Employers already are responding to the mandate

Backers of the health law have said that the one-year delay in reporting requirements for the employer mandate is largely irrelevant because the great majority of employers subject to the mandate already offer health insurance. But offering isn’t the same as accepting.  Almost half of the nation’s nearly 28 million uninsured workers are employed by firms that are mandated to provide health coverage.

Federal data show that 96.8% of firms with 50 or more employees do offer health benefits. However, Professor Chris Conover of Duke University has examined the distribution of the nation’s 28 million uninsured workers age 18-64 by firm size, and he found that 46.1% are employed at firms subject to the mandate.

Therefore, to say that delaying the mandate is inconsequential is belied by the facts.

Incentives to drop coverage: While the health law tried to lock-in employer coverage, it may very well have the opposite effect of incentivizing employers to drop it instead.  The Wegmans grocery chain, for example, is cutting health benefits for its part-time employees and plans to send them to the ObamaCare exchanges where they may get more generous benefits and subsidies than the company says it can offer.

Cutting hours:  The health law is redefining a full-time work week as 30 hours rather than the traditional 40.  Because there is a look-back period, many employers already are scaling back employee hours.  And many of them are cutting workers to 25 hours to provide a cushion in case shifts run over.

That is a significant income loss for workers, many of whom are at the lower-end of the income scale.  But employers, especially in the restaurant and retail industries, say that their decisions are driven by an attempt to keep their doors open.

And a one-year delay in the employer mandate will not change the hiring behavior of employers.  They won’t hire full-time workers while knowing they would have to let those workers go a year from now.  If anything, the delay gives employers more time to figure out how to restructure their businesses and workforces to avoid the added costs of the health law.

Redefining 30 to 40 hours:  Some business groups are advocating a change in the law to move the definition from 30 to 40 hours.  While that seems logical, many businesses will continue to build a cushion into their schedules and that would likely mean the full-time work week would be 35 rather than 40 hours.  I would recommend that Congress not make this change.  The only solution to avoid these and other distortions in the labor market is to repeal the employer mandate.

Labor unions unhappy

Those who say that the employer mandate has little or no effect on businesses also should listen to those who represent organized labor.  Representatives of three of the nation’s largest unions recently warned Democratic leaders in Congress that Obamacare would “shatter not only our hard-earned health benefits, but destroy the foundation of the 40 hour work week that is the backbone of the American middle class.”

“Perverse incentives are causing nightmare scenarios,” they write. “The impact is two-fold: fewer hours means less pay while also losing our current health benefits.”

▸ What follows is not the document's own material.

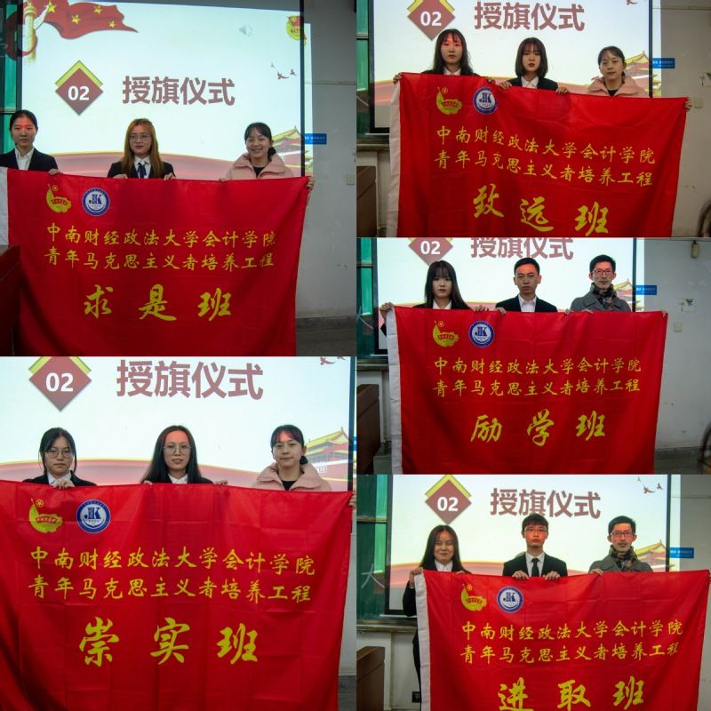 大会主要包括七项内容。第一项,奏唱共青团团歌。接下来会计学院团委书记张昭妍老师、副书记陈俊华老师分别为第十四期青马班“求是班”“崇实班”“致远班”“励学班”“进取班”授旗。

Last week, Laborers International Union of North America President Terry O’Sullivan wrote that the law has “destructive consequences” for the types of health plans that cover millions of unionized construction workers and their family members.

But the delay of the reporting requirements for the employer mandate does not mean that businesses can take a year off from other provisions of the law, and the president has not given them relief from these requirements that will further burden businesses with compliance costs and distract them from their core business activities.

Next steps

One of the things that businesses had most hoped to get from the law was more affordable coverage through the small business exchanges called for in the law. But the administration announced in April that it would delay until at least 2015 implementation of these exchanges.

The administration also has announced it will rely on an “honor system” for health insurance subsidies, presenting a significant potential for fraud and waste of taxpayer funds.  Additionally, very little information has been provided by the administration about the status of the exchanges that the federal government is creating.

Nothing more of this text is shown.